One dinner option is Shepherd's Pie. Potatoes, hearty stews and fresh vegetables are staples of the Irish dinner table. Shepherd's Pie combines all of those things into one dish.

The filling portion is a mixture of meat, peas and carrots or mushrooms. The more traditional version calls for ground lamb, but many of today's recipes feature ground beef. The pie's "crust" is actually a layer of mashed potatoes, which are sometimes topped with shredded cheese.

Corned beef and cabbage is one dish that is often associated with St. Patrick's Day. Corned beef is simply a beef brisket that has been cooked slowly in a broth punctuated with pickling spices. A bottle of beer is sometimes added to the cooking liquid.

If you want to take a different approach to your corned beef and cabbage, try turning the ingredients into a Reuben, a sandwich bursting with Emerald Isle flavor. For this sandwich, layers of thinly slice corned beef are placed on rye bread, topped with sauerkraut — fermented cabbage — and swiss cheese.

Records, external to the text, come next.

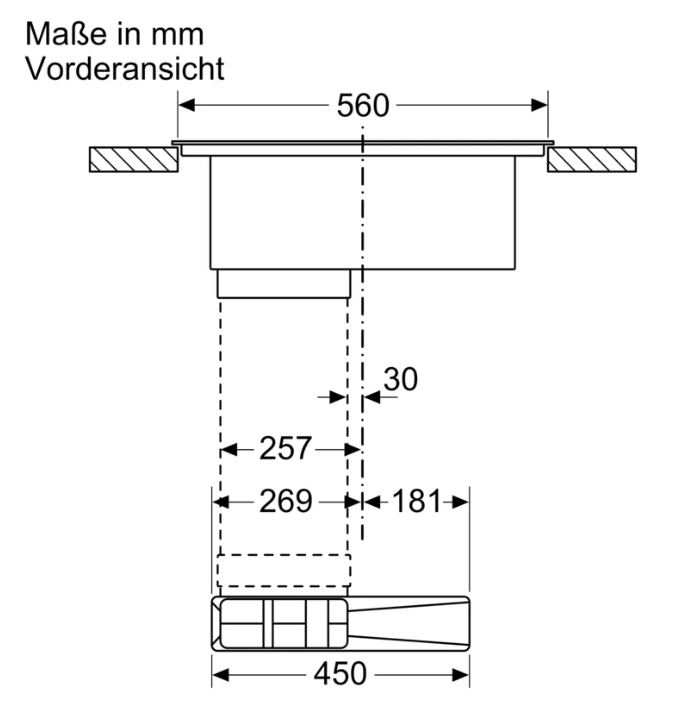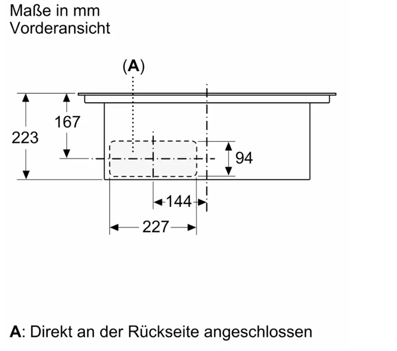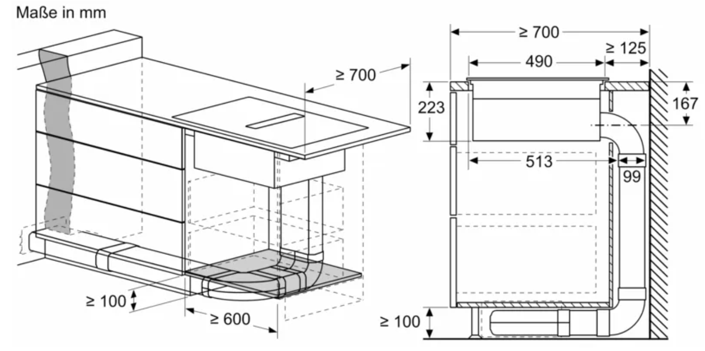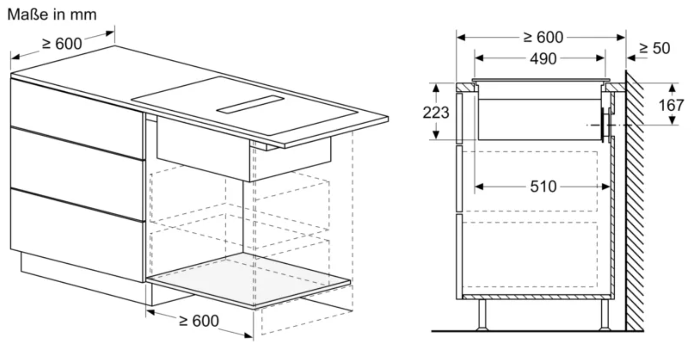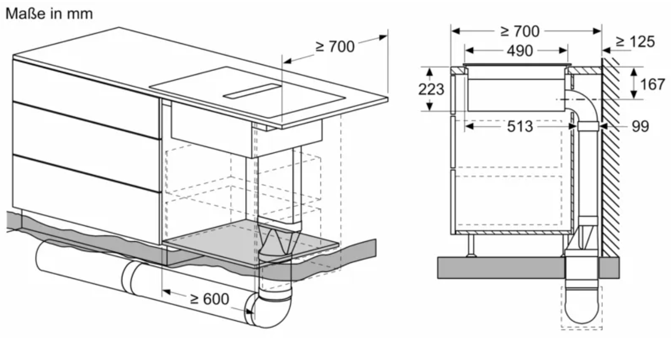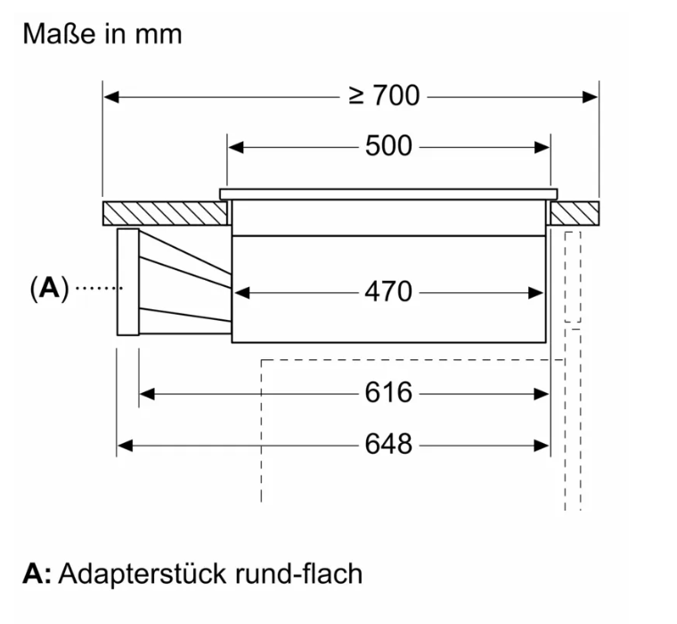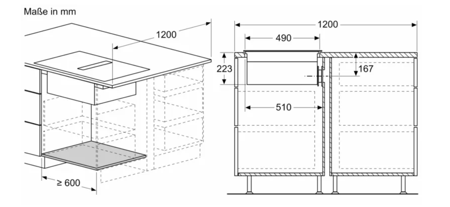 • 70 cm: Platz für 4 Töpfe oder Pfannen Flexibilität der Kochzonen • 2 Kombi Zonen: Bei Verwendung von größerem Kochgeschirr werden zwei Kochzonen zu einer größeren verbunden. • Kochzone vorne links: 190 mm, 210 mm, 2.5 kW (maximale Leistung 3.7 kW) • Kochzone hinten links: 190 mm, 210 mm, 2.5 kW (maximale Leistung 3.7 kW) • Kochzone hinten rechts: 190 mm, 210 mm, 2.5 kW (maximale Leistung 3.7 kW) • Kochzone vorne rechts: 190 mm, 210 mm, 2.5 kW (maximale Leistung 3.7 kW) Benutzerfreundlichkeit • touchSlider: Steuern Sie die Leistung direkt mit der aufgedruckten Touch-Leiste. • Favoriten-Taste: Mit einer konfigurierbaren Taste direkt auf Lieblingsfunktionen zugreifen. • 17 Leistungsstufen: Stellen Sie die Hitze mit 17 Leistungsstufen (9 Hauptstufen und 8 Zwischenstufen) präzise ein. • Warmhalte-Funktion, wählbar über Favoritentaste/Home Connect App (voraussichtliche Verfügbarkeit in Q4/2024 über Software-Update für mit Home Connect verbundene Geräte): Warmhalten von Speisen bei voreingestellter niedriger Leistungsstufe. • Abschalttimer: Schaltet die Kochzone am Ende der eingestellten Zeit aus (z. B. für gekochte Eier). • Wecker (kann anstelle des Abschalttimers ausgewählt werden): Ein Signal ertönt am Ende der eingestellten Zeit (z. B. beim Pastakochen). • Die Lautstärke der Signaltöne kann an die persönlichen Vorlieben und Bedürfnisse angepasst werden. Zeitersparnis und Effizienz • powerBoost-Funktion für alle Induktions-Kochzonen möglich: Mit 50 % mehr Leistung z. B. Wasser schneller zum Kochen bringen als auf höchster Leistungsstufe. • panBoost, wählbar über Favoritentaste/Home Connect App (voraussichtliche Verfügbarkeit in Q4/2024 über Software-Update für mit Home Connect verbundene Geräte): Erhitzt Pfannen schneller als auf höchster normaler Leistungsstufe und schützt gleichzeitig die Pfannenbeschichtung. • quickStart: Beim Einschalten wählt das Kochfeld automatisch die Kochzone aus, auf dem im ausgeschaltetem Zustand Kochgeschirr aufgesetzt wurde. • reStart: Im Falle von unbeabsichtigtem Ausschalten des Kochfeldes bleiben alle Einstellungen erhalten, wenn Sie innerhalb von 4 Sekunden wieder einschalten. Kochunterstützung • Bratsensor Pro mit 11 Temperaturstufen: Verhindert ein Anbrennen durch die automatische Temperaturregelung des Sensors. • Kochassistent: Einfach über die Home Connect-App die richtige Temperatureinstellung für ein bestimmtes Gericht finden. Konnektivität • Home Connect Funktion (WLAN): Überprüfen Sie, ob das Kochfeld auch dann ausgeschaltet ist, wenn Sie nicht zu Hause sind, und suchen Sie in der Home Connect-App nach Rezepten oder zusätzlichen Funktionen. • Smart Home Trigger (verfügbar mit verbundenem Home Connect-Konto): Öffnen Sie mit der Favoriten-Taste das intelligente Universum Ihres Kochfelds und steuern Sie andere Smart Home Geräte aus Ihrem Haushalt (Partnerservice erforderlich). • Aktualisierbares Gerät (verfügbar mit verbundenem Home Connect-Konto): Halten Sie das Gerät immer auf dem neuesten Stand der Software. Design • Rahmenlos Sicherheit • 2-stufige Restwärmeanzeige je Kochzone: Zeigt an, welche Kochzonen noch heiß oder warm sind. • Kindersicherung: Verhindert eine unbeabsichtigte Aktivierung des Kochfeldes. • Pause-Funktion: Unterbrechen Sie das Kochen, z. B. um die Haustür zu öffnen. • Hauptschalter: Alle Kochzonen auf einmal ausschalten. • Automatische Sicherheitsabschaltung: Aus Sicherheitsgründen schaltet sich das Kochfeld nach einer voreingestellten Zeit ohne Interaktion automatisch ab. Installation • Maße des Gerätes (HxBxT mm): 223 x 710 x 522 • Erforderliche Nischengröße (HxBxT mm): 223 x 560 x (490 - 490) • Minimale Arbeitsplattenstärke: 16 mm • Gesamtanschlusswert: 7400 W • powerManagement Funktion: Bei Bedarf die maximale Leistung begrenzen (abhängig von der Absicherung der Elektroinstallation). • Netzkabel: 110 cm, Anschlusskabel beigelegt in Verpackung Zubehör • cleanAir Plus Geruchsfilter, Teleskopschieberelement für Umluft beigelegt Integriertes Downdraft-Lüftungssystem • Induktionskochfeld mit vollintegriertem, leistungsstarkem Downdraft-Abzugsmodul. • Geeignet für Konfigurationen in Abluft oder Umluftmodus (inkl. differenzierter Softwaremodi). Installationszubehör für die ungeführte Umluft, darunter vier cleanAir Plus Geruchsfilter und ein Teleskop-Schiebeelement, sind im Lieferumfang des Kochfeldes enthalten. Zubehör für andere Einbaumöglichkeiten ist erhältlich, Details in den Planungshinweisen. • Ästhetisch integriertes, flächenbündiges Lufteinlassdesign mit schwebendem, hitzebeständigem Glaskeramikelement für freie Bewegung und Platzierung des Kochgeschirrs
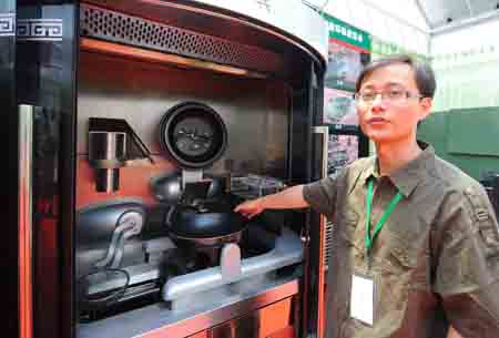 6月14日,2009中國北京國際節(jié)能環(huán)保展覽會開幕。本屆展覽的主題是“綠色產業(yè)、綠色消費”。圖為一名工作人員在介紹一臺名為“烹飪機器人”的機器。
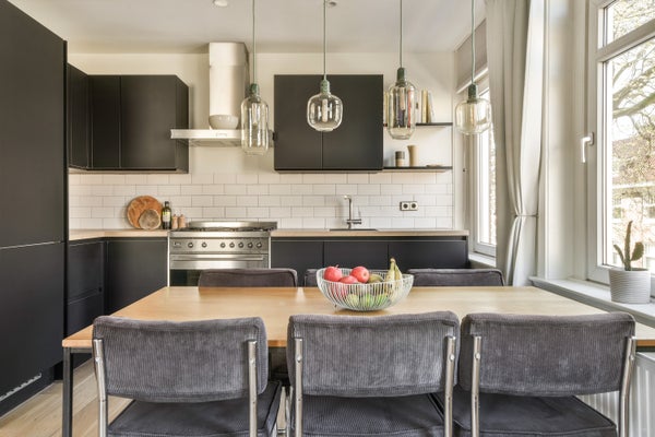 Entrée par l'escalier commun au deuxième étage. Entrée dans le hall avec accès à toutes les pièces. Le salon avec cuisine ouverte est particulièrement lumineux grâce à sa position d'angle et a un caractère ouvert et spacieux. La cuisine moderne est équipée de divers appareils intégrés, dont une cuisinière à gaz Smeg de 5 brûleurs avec four, un lave-vaisselle, un réfrigérateur, un congélateur, une hotte et un micro-ondes.
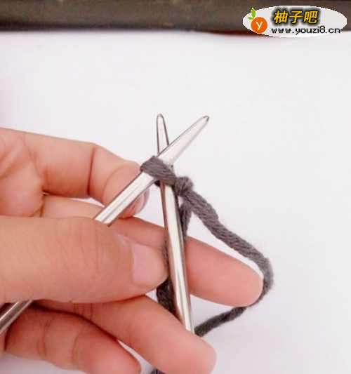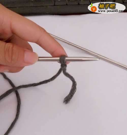 2先起针,打一个150px长的活结套在棒针上,将短的那头置于针的外侧,长的在内侧。
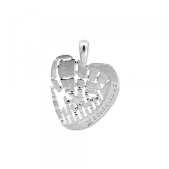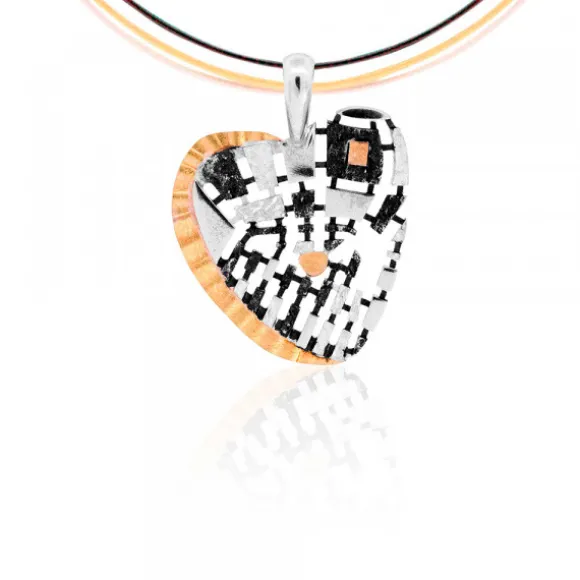 Este colgante reinterpreta el emblemático Casco Viejo de Bilbao y sus 7 calles con un diseño moderno y lleno de carácter. Elaborado artesanalmente en Plata de 1ª Ley (925mm), muestra el entramado urbano de las Siete Calles mediante formas geométricas caladas y contrastes de textura en plata y rutenio. La ría que bordea el corazón se presenta en una fina lámina de oro 18kt., aportando un brillo cálido y elegante que realza la pieza. En el interior, se incorporan también dos detalles en oro, que simbolizan la Catedral de Santiago y la Plaza Nueva, dos enclaves característicos del corazón de Bilbao. Una joya con significado, que fusiona tradición y diseño contemporáneo, perfecta para quienes desean llevar un pedacito de Bilbao. Medida colgante: alto 25mm y ancho 24mm. Reasa: alto 6mm y ancho 4mm. Cordón no incluido.
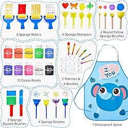 COMPLETE KIDS PAINT SET: Shuttle Art 37 pack kids finger paint set contains 10 colors washable finger paints in bottles (60ml/2oz each), and 1 kids apron, 2 palettes, 6 painting brushes, 4 roller sponges, 2 sponge shovels, 2 square sponge brushes, 2 round sponge brushes, 4 broom sponge brushes, 4 sponge stampers, complete toddler painting set for toddlers and young children. VERSATILE PAINTING TOOLS: We have prepared 23 pieces painting tools and accessories in this set like finger paint pad and paint brushes that kids can start paining as soon as they get it. Other assorted painting tools like sponge brushes, roller sponges give children more ideas to create and have fun. They can be immersed in it the whole day! WASHABLE & CHILD-SAFE: Our finger paint is water based, can be easily washed off from skins and other surfaces like desks, glass and fabrics. Conforms to U.S. ASTM D-4236 & EN71-3, non-toxic and acid-free, safe for kids. MULTY PURPOSE KIDS PAINT: Rich creamy paint with bright colors is perfect for kids finger painting, sponge and poster paint, and also can be applied on other surfaces, like paper, glass, wood, plastic, ceramic and more. Water-based paint can be easily washed off, great for school home activities, early learning and education. SERVICE GUARANTEE: Your satisfaction is our top priority, please rest assured to purchase our products. If you are not satisfied with our products or have any questions, please feel free to contact us at any time.

Since Ireland is surrounded by water, dishes featuring seafood would also be appropriate St. Patrick's Day fare. With the popularity of Irish pubs and their brews, beer-battered fish and chips could prove to be a crowd pleaser.

A sweet ending to your Irish-minded feast: chocolate stout cupcakes, which includes a bottle of beer in the batter. While you're at it, why not share an ode to a true Irishman, Arthur Guinness. Guinness started brewing Guinness beer, a dark beer with Irish roots, in 1759 in Dublin.